Functional Domain Composition

Firstly, use RPS-BLAST program to compare the protein sequence with each of the 17402 domain sequences. Secondly, if the significance threshold value (expect value) is no more than 0.001, this component of the protein in the 17402D feature vector is assigned 1; otherwise, 0. In this way, we can extract a 17402D feature vector, and each component of the feature can only be 1 or 0.

The Proposed Ensemble Classifier

In this study, we propose a novel ensemble strategy.

Step 1: 10 widely used machine learning classifiers: LMT, RandomForest, LibSVM, SimpleLogistic, RotationForest, SMO, NaiveBayes, RandomTree, FT and SimpleCart are selected, and a 5-fold cross validation is implemented on the DD dataset.

Step 2: The classifier with the highest accuracy in each feature group are chosen.

Step 3: Corresponding models by training each feature group with the chosen classifier are selected. The four models are DSSP classification model, AAsCPP classification model, PSSM classification model and FunD classification model. Detailed process is shown in Figure 1.
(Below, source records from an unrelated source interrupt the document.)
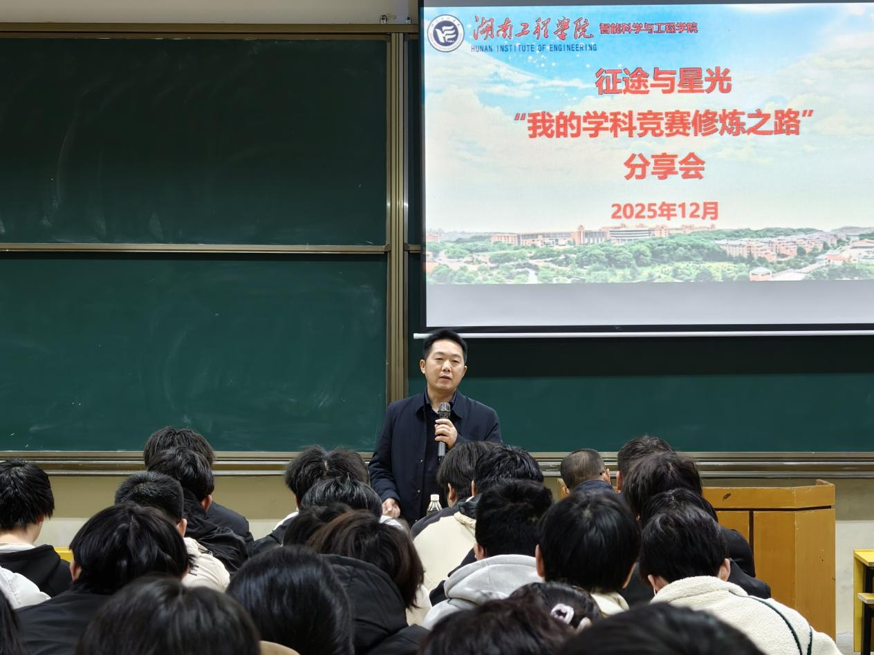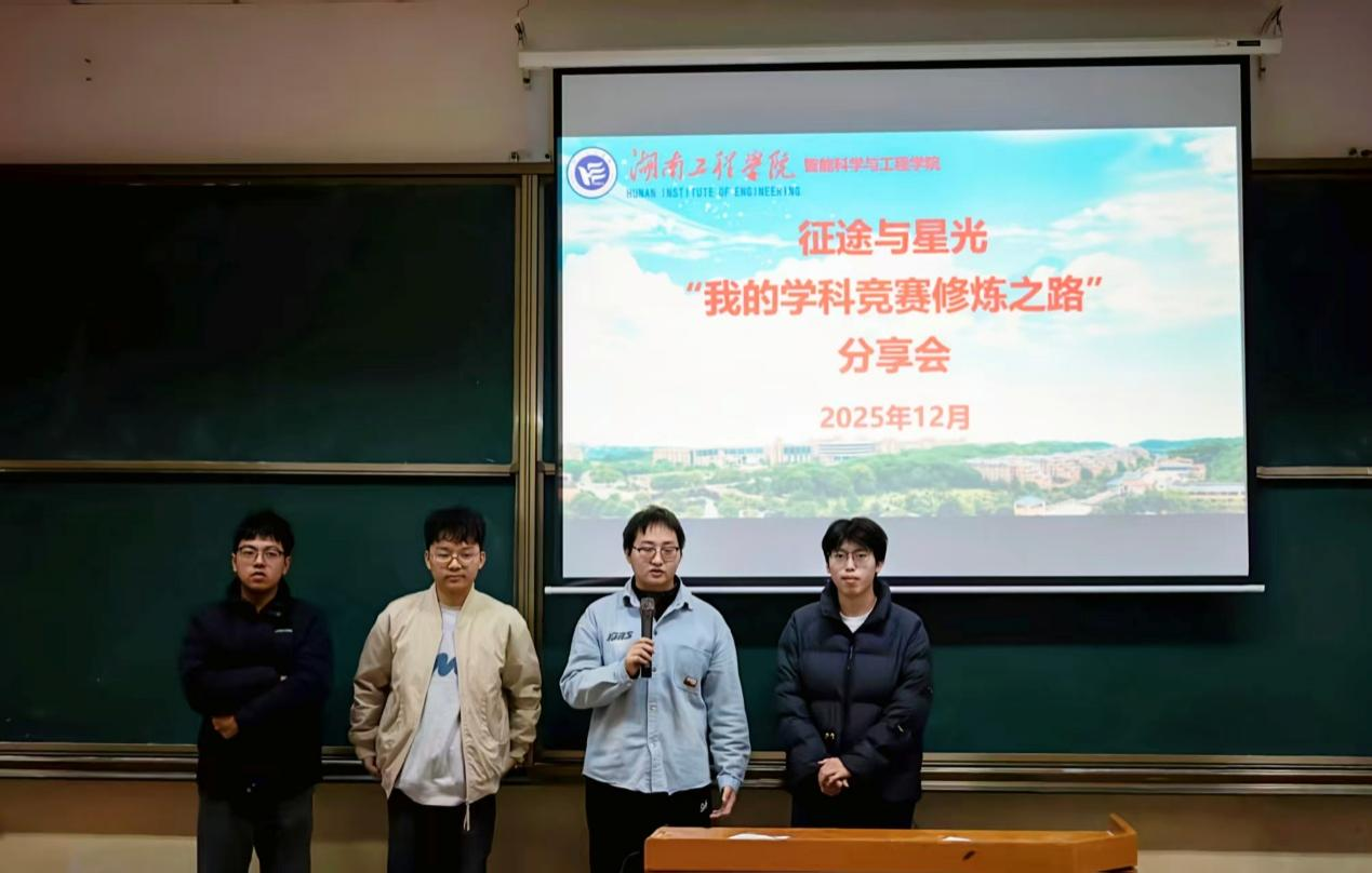 在经验分享环节,来自电气与信息工程公司的肖袁波、郑双龙和机械工程公司的罗皓、邓佳豪四位学长先后登台畅谈个人的竞赛经历和心得体会。一个个充满克服困难、团结协作、忘我投入的感人故事赢得了现场师生阵阵掌声。在互动环节中,四位学长耐心解答了同学们提出的问题。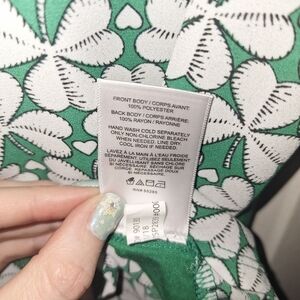 This is a used in very good condition, white and green shamrock Hudson style zip front tank top from Express.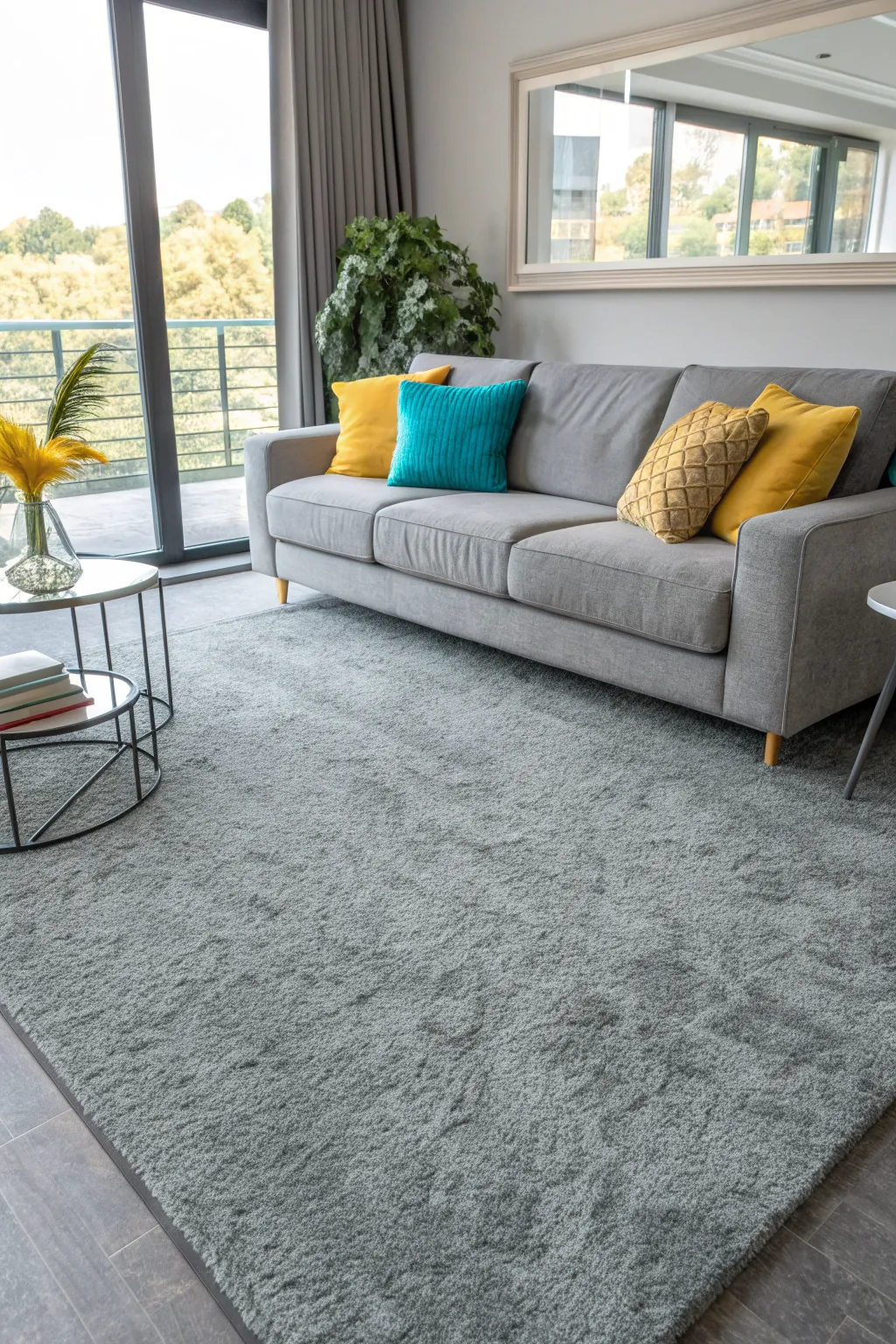 - Cozy Gray Shag Area Rug: Enhance your living room with a plush, soft gray shag rug for ultimate comfort and style.

Step 4: Features from the test dataset are extracted and the classification result Pij by calculating the corresponding models are obtained, i represents a kind of classification model ranging from 1 to 4, and j represents a kind of fold index, ranging from 1 to the total number of the fold classes (for example, the value of j ranges from 1 to 27 on DD-dataset).
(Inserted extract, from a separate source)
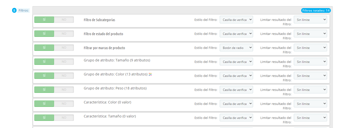 Hola amigos !!!...favor su ayuda. Antes tenia el tema CLASSIC y me estaba desplegando el variado de filtros que tenia configurado en FACETAS:

Step 5: The average of the probabilities of the four models in each fold class are calculated. The fold class with the highest probability will be chosen as the classification result. Detailed process is shown in Figure 2.

Figure 1: The training process of the four feature groups through the corresponding classifier

Figure 2: The ensemble process of calculating the test data through the models

Application scope

proFold server is based on DD-dataset, so it covers the following 27 protein fold types: (1) Globin-like, (2) Cytochrome c, (3) DNA-binding 3-helical bundle, (4) 4-helical up-and-down bundle, (5) 4-helical cytokines, (6) EF-hand, (7) Immunoglobulin-like beta-sandwich, (8) Cupredoxins, (9) Viral coat and capsid proteins, (10) ConA-like lectins/glucanases, (11) SH3-like barrel, (12) OB-fold, (13) beta-Trefoil, (14) Trypsin-like serine proteases, (15) Lipocalins, (16) (TIM)-barrel, (17) FAD (also NAD)-binding motif, (18) Flavodoxin-like, (19) NAD(P)-binding Rossmann-fold domains, (20) P-loop containing nucleotide triphosphate hydrolases, (21) Thioredoxin-like, (22) Ribonuclease H-like motif, (23) Hydrolases, (24) Periplasmic binding protein-like, (25) Belta-grasp, (26) Ferredoxin-like, and (27) Small inhibitors, toxins, lectins.